LXML to write in unicode?

1k views Asked by At

I am currently using lxml to write a file. I build the node and then I write it to a file using etree.tostring(node, pretty_print=True). However, it seems to be using htmlencoding --

<Synopsis>
    Abila schlie&#223;lich die ersten sechs Aufgaben zu meistern. Wird der Junge auch 
</Synopsis>

In order to decipher it and get it into the format I want it in, I am currently doing:

>>> print HTMLParser.HTMLParser().unescape('Abila schlie&#223;lich die ersten sechs Aufgaben zu meistern. Wird der Junge auch')
Abila schließlich die ersten sechs Aufgaben zu meistern.
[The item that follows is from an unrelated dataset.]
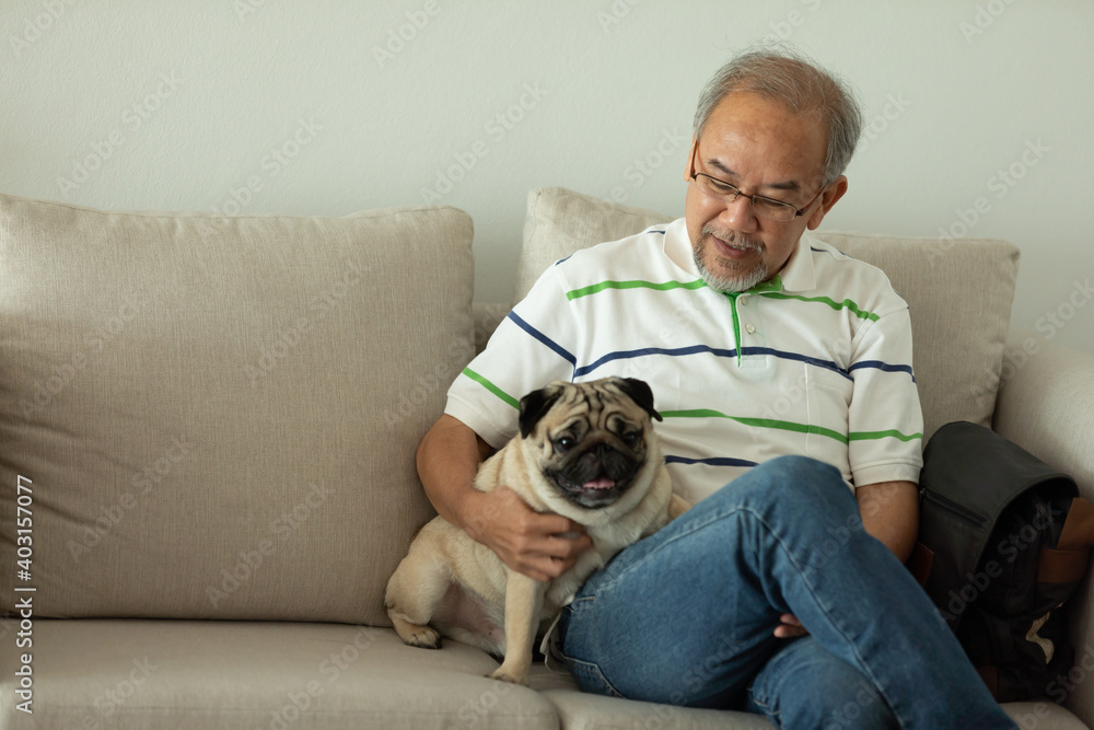 Elderly sit on sofa and playing with dog pug breed in living room at home

Wird der Junge auch

How would I have this write in unicode, or is this not possible with lxml ?

1

There are 1 answers

0
maxymoo On BEST ANSWER

Yes you can pass an encoding to etree.tostring method using the encoding parameter:

etree.tostring(node, pretty_print=True, encoding='unicode')

From the etree.tostring docs:

You can also serialise to a Unicode string without declaration by passing the unicode function as encoding (or str in Py3), or the name 'unicode'. This changes the return value from a byte string to an unencoded unicode string.